In older swarms, such as _Draba_ or _Helianthemum_, no such center, around which the various forms are grouped, is known. Are we to conclude therefore that the main strain has died out? Or is it perhaps concealed among the throng, being distinguished by no peculiar character? If our _gigas_ and _rubrinervis_ were growing in equal numbers with the _lamarckiana_ in the native field, would it be possible to decide [562] which of them was the progenitor of the others? Of course this could be done by long and tedious crossing experiments, showing atavism in the progeny, and thereby indicating the common ancestor. But even this capacity seems to be doubtful and connected only with the state of mutability and to be lost afterwards. Therefore if this period of mutation were ended, probably there would be no way to decide concerning the mutual relationship of the single species.

Hence the lack of a recognizable main stem in swarms of elementary species makes it impossible to answer the question concerning their common origin.

Another phase of the opposition between the prevailing view and my own results seems far more important. According to the current belief the conversion of a group of plants growing in any locality and flowering simultaneously would be restricted to one type. In my own experiments several new species arose from the parental form at once, giving a wide range of new forms at the same time and under the same conditions.

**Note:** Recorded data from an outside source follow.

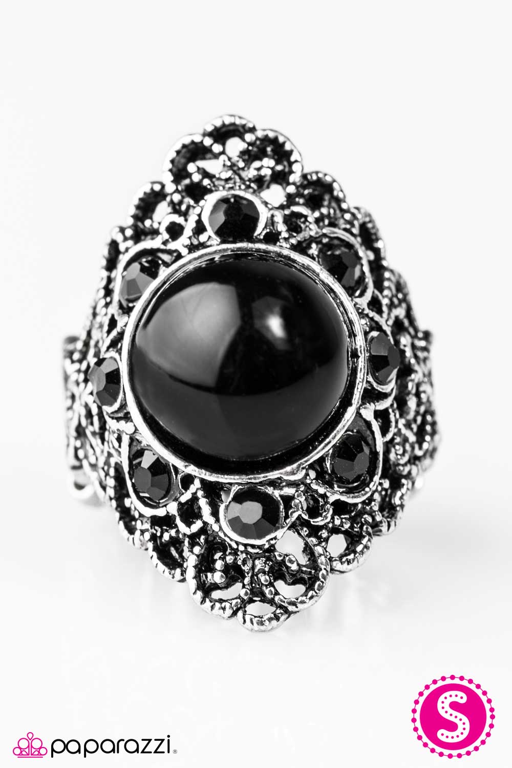 A frilly silver frame spins around a polished black center, creating a vintage inspired band around the finger. Dotted in black rhinestones, the bold center pops from the filigreed frame for a perfect splash of color.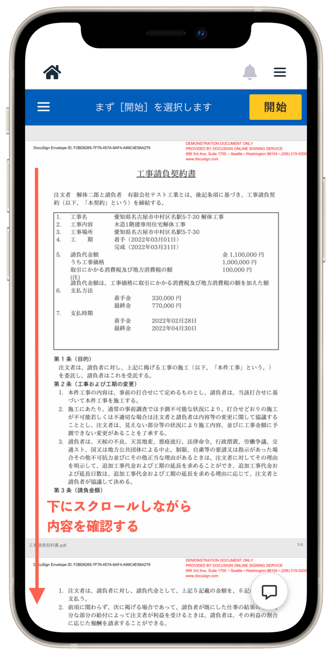 契約書の内容に問題がないことを確認したら署名を開始します。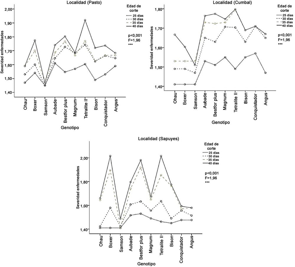 Figure 6. Genotype x locality x time of harvesting interaction for the severity of diseases variable for ten Ryegrass (Lolium sp.) genotypes evaluated in three localities of the high lands of Nariño, Colombia during dry and rainy seasons. 2016-2017.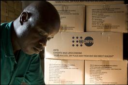 BENIN, Cotonou, mars 2013. Warehouse of Plan Benin. Oyinda Dedegbe,...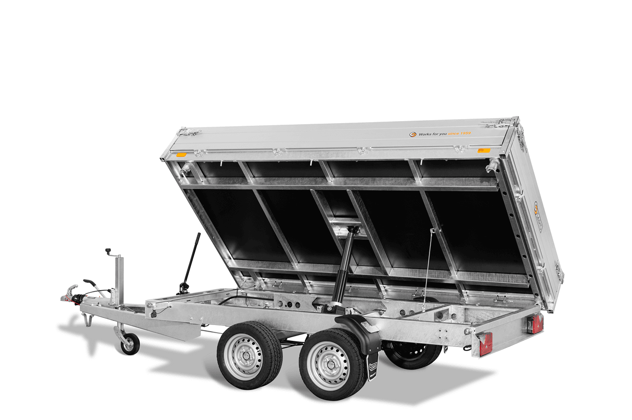 This Saris tipper trailer is the versatile solution for transporting various types of loads. Thanks to the tilting loading floor, your cargo is easily unloaded. The ideal workhorse for professionals. Whatever material you need to transport, the Saris tipper trailer handles it with ease!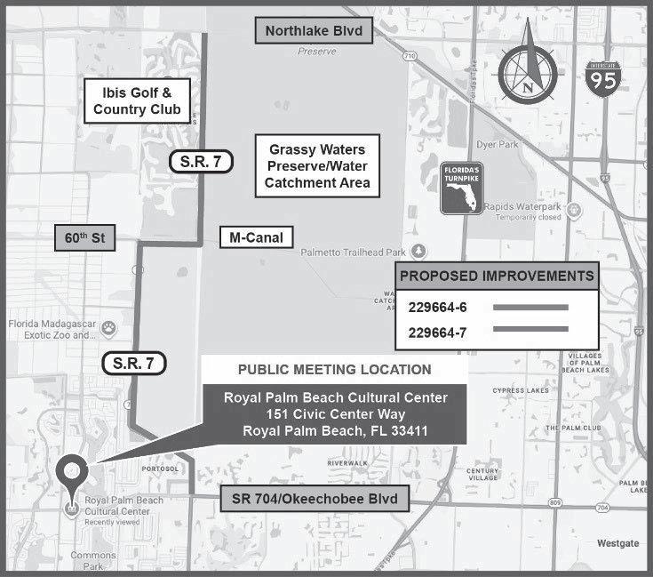 On Tuesday, Feb. 24 at 5:30 p.m. the Florida Department of Transportation (FDOT) will hold a virtual meeting on the longdelayed plans for construction of State Road 7 from 60th Street North in The Acreage to Northlake Blvd.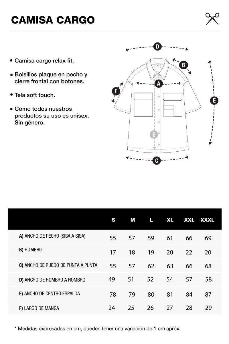 Camisa cargo relax fit. Contiene bolsillos blaque en pecho y cierre frontal con botones.

III. New elementary species attain their full constancy at once.

Constancy is not the result of selection or of improvement. It is a quality of its own. It can neither be constrained by selection if it is absent [563] from the beginning, nor does it need any natural or artificial aid if it is present. Most of my new species have proved constant from the first. Whenever possible, the original mutants have been isolated during the flowering period and artificially self-fertilized. Such plants have always given a uniform progeny, all children exhibiting the type of the parent. No atavism was observed and therefore no selection was needed or even practicable.

Briefly considering the different forms, we may state that the full experimental proof has been given for the origin of _gigas_ and _rubrinervis_, for _albida_ and _oblonga_, and even for _nanella_, which is to be considered as of a varietal nature; with _lata_ the decisive experiment is excluded by its unisexuality. _laevifolia_ and _brevistylis_ were found originally in the field, and never appeared in my cultures. No observations were made as to their origin, and seeds have only been sown from later generations. But these have yielded uniform crops, thereby showing that there is no ground for the assumption that these two older varieties might behave otherwise than the more recent derivatives.